I have a meeting I’m supposed to go to on Tuesday, so I didn’t even bring my laptop home with me. I have some access to e-mail, assuming I have power, but…well, we’ll just see. Ideally, everything will be back to normal on Tuesday and I’ll get to work without any problems. Or, barring that, the office will be closed again. Anything in between that — the office open, but problems aplenty — doesn’t sound like fun.

Right now, just enjoying a regular Sunday. I did the crossword puzzle, moved lawn furniture away from the house, watched the okay but kind of disappointing You Only Live Twice, and read a bunch of Kaleidotrope submissions. Right now, it isn’t even raining.

But there’s a storm a’comin’, oh yes.

Saturday

It’s been a busy couple of days, mostly thanks to work. On Thursday night, I went to see Birdemic: Shock and Terror, a live, simulcast Rifftrax show. And on Friday…well, I managed to finally finish “meeting” with instructors at the University of Maryland and Towson, the last two people over the phone. I’ve finished my notes and just need to distribute them next week. So at least that’s one large project I’m pretty much done with.

And that’s pretty much it.

There’s also this so-called “Frankenstorm” that’s supposed to hit in the next day or so. I’m taking Monday off from work regardless, a long-planned (if now somewhat inopportunely timed) three-day weekend.

Wednesday is just Monday misspelled

I overslept this morning, and how.

Though I did discover, much to my surprise — and just seconds before it wouldn’t have mattered, and the train doors would have closed on me — that there’s yet another, later train from Jamaica to Hunterspoint Avenue in the morning. I probably shaved a few precious minutes off of my commute by hopping off when I did, at the last second, but I would have gladly traded the revelation that there’s a connecting train later in the morning for having been awake in time to catch one of the earlier ones.

I have a lot of work to get through at the office.

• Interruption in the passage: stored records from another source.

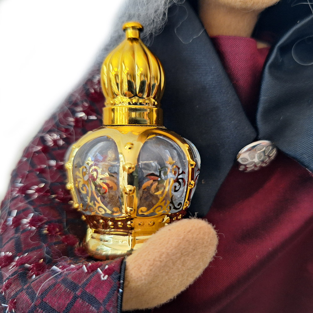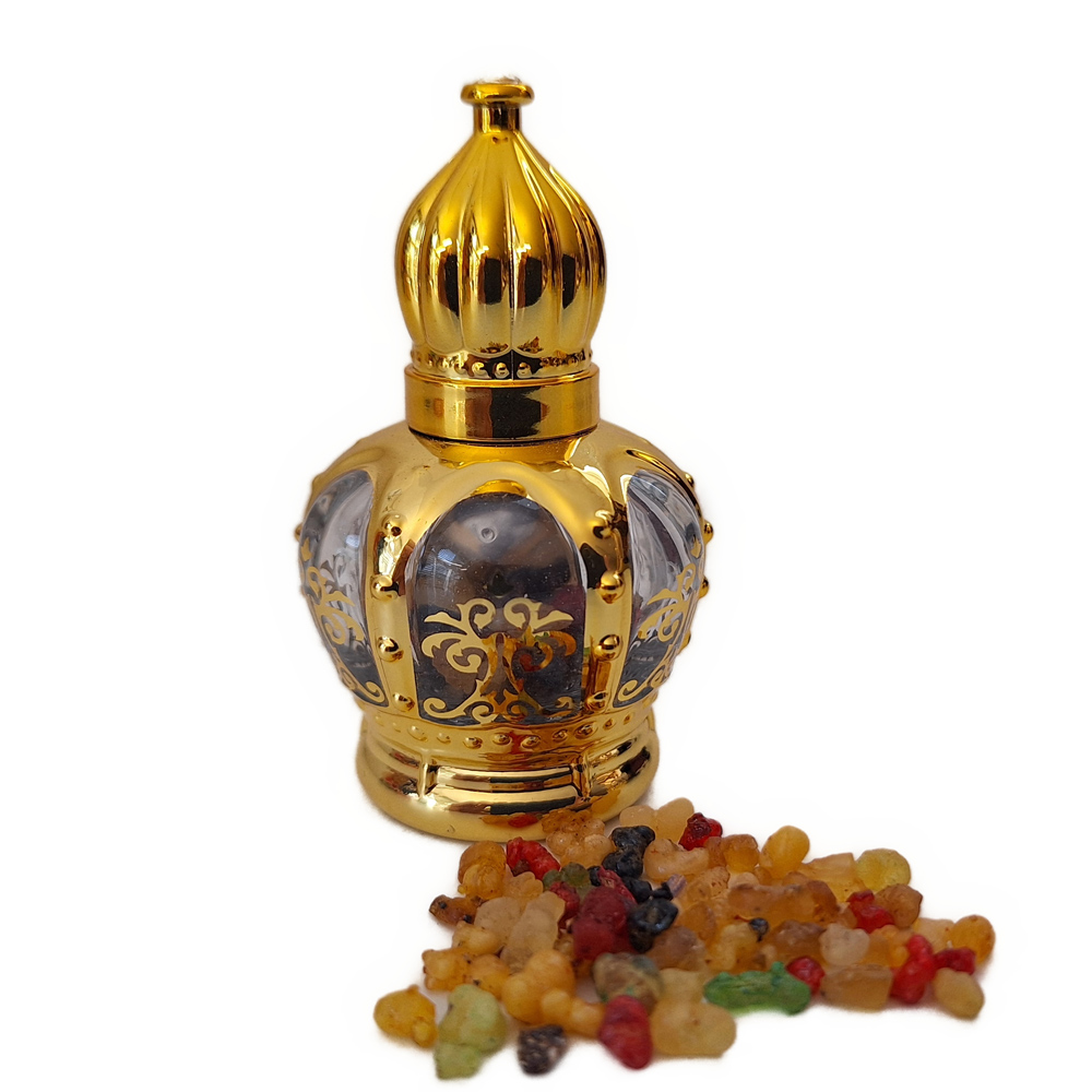Dieses wunderschöne Gefäß ist aus bruchsicherem Glas mit glänzender Goldfarbeschön bemustert, sodass es einen wirklich edlen Charakter bekommen hat. Der Deckel ist abnehmbar, obenauf prangert ein "Diamant". Wir haben unser Myrrhegefäß mit Weihrauch befüllt, den sieht man durchschimmern.
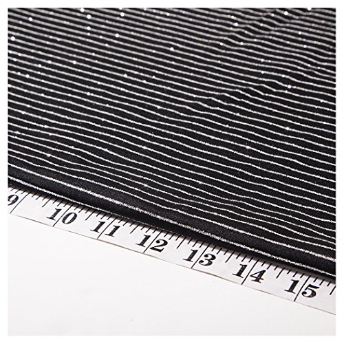 - 58 Inch x 5-Yard Lot of Black with Silver Pinstripe Poly/Spandex Fabric. The width listed is the "usable width" there is a "salvage edge" which is overhang from production of the fabric.
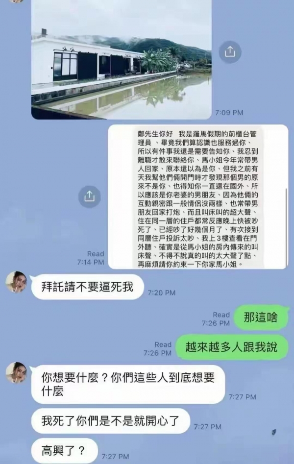 在郑先生和马筱梅的聊天截图中,郑先生截图转述了罗马假期前柜台管理员的一段爆料,说是马筱梅带着新男友入住的几个月里,吵得同一层的住户多次投诉,但马筱梅依旧我行我素。

But before I could do any of that, I had to run our monthly development team meeting, shortly after I got into the office. It was a slightly strange affair, considering that everyone else on the team in New York was away on travel, as was my counterpart in the UK who had suggested our topic of discussion in the first place (author care), and I was sitting alone in our larger conference room talking to everyone else over video. But I think the meeting went reasonably well; it didn’t drag on, and nobody had any true horror stories of dealing with difficult authors.

I spent most of the rest of the day pulling together and typing up my notes from last week’s campus travel, except of course when I was on the phone talking to another professor I wasn’t able to meet with in person. I still have two phone calls lined up for Friday, one with a professor and one with the bookstore manager. But at least then it’ll be done. I just have to finish typing them up, distribute them to the appropriate team members, input them into our system, and then start getting in touch with people for my next campus visit. (This one will be closer to home — even closer, I think, than the office, but it still is going to take some investigative and e-mailing legwork.)

And let’s not even talk about all the other work I still have to do. Reports and reviews and reviews and reports. I will say this much, however: today just flew by.

But boy did it still feel like a Monday.